The United States, Britain, and Israel have been working hard to deter the Palestinians from pursuing this particular path. France, a permanent member of the UN Security Council, also has misgivings about Israel possibly facing court procedures. Yet the French government said this past Tuesday that it would support the Palestinian bid.
President Francois Hollande’s decision is a big boost for Mahmoud Abbas, the Palestinian president.
Over the past few years, Abbas has provided the Palestinians in the West Bank with minimal leadership. He has turned a blind eye to corruption. He has done very little to build strong democratic institutions. What interests him is remaining in power and staying ahead of Hamas. Indeed, Abbas has spent the past few years looking over his shoulder, worrying about Hamas’s power base in the Gaza Strip and its creeping influence in the largely secular West Bank.
It is because of Hamas’s growing power that Abbas has this time piled the pressure on the Europeans and the United States. His latest argument is that a vote against the Palestinian bid would weaken the Palestinian Authority just when it needs all the international support it can receive after Hamas’s recent show of strength against Israel. His real argument should be about the Palestinians’ right to human dignity and a state within the 1967 borders.

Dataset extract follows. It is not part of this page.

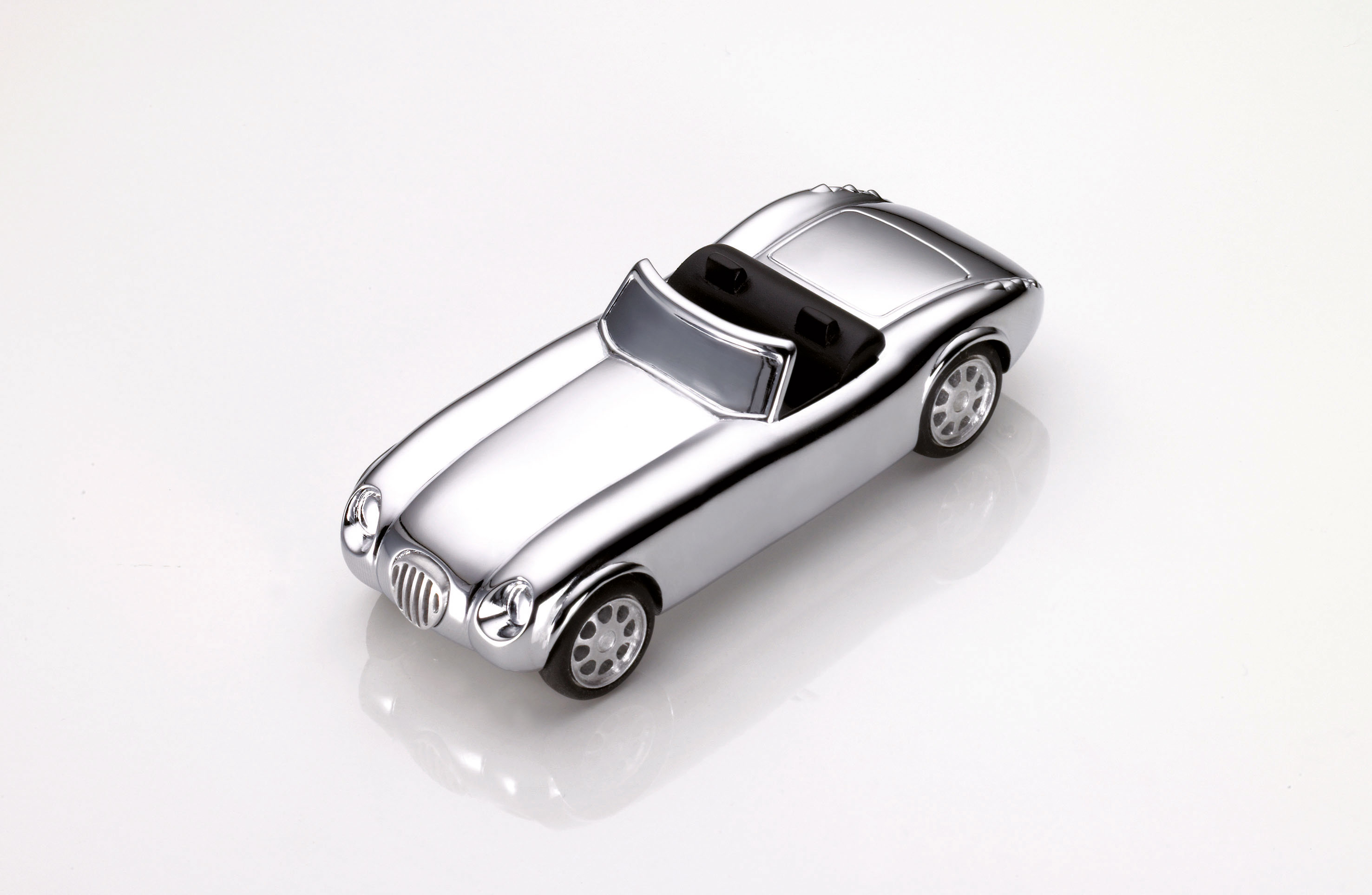 Büroklammernhalter und Briefbeschwerer, Roadster, 50er Jahre Stil, Rückziehmotor, Magnet für Büroklammern, inkl. 5 Büroklammern, Metallguss, verchromt, glänzend, silber/schwarz Open Air ROAD "STAR" - das 50's Tisch-Cabrio mit Stil und Rückziehmotor. Inkl. Magnet und 5 Klammern. Ein echter Goldtimer ist ROAD "STAR", das rasante Cabrio für alle, die auch am Schreibtisch Vollgas geben. Einfach Rückziehmotor aufziehen und schon schnurrt ROAD "STAR" los. Der unsichtbare Magnet hält Büroklammern auch in der Kurve sicher fest.

Abbas’s big diplomatic push for statehood at the UN General Assembly, where he can be sure of wide support, will not change one fact on the ground.
The Israeli settlements and the numerous military checkpoints will still be there the day after. It may even make matters worse if Israel retaliates by withholding tax revenues owed to the Palestinian Authority. That, however, would not be in Israel’s interests. Israel cannot afford a Palestinian Arab Spring.
But nor is there any reason to expect that Israeli Prime Minister Benjamin Netanyahu would kick-start peace talks were the Palestinians to withdraw their bid for statehood at the UN—and certainly not before the Israeli elections due in January.
That, then, is the sclerotic political landscape facing the Europeans.
Europe’s lack of unity over the Palestinian bid is shameful. It shows their inconsistency over supporting a two-state solution, which Israel surely needs too in order to protect the Jewish identity of its state.
It shows their inability to transcend their partiality in the Israeli-Palestinian conflict, ignoring the long-term damage on Israel and the Palestinians, as well as its wider impact on the Middle East.
Above all, Europe’s disunity shows once again its lack of strategy to deal with the conflict, and ultimately to deal with the new Middle East.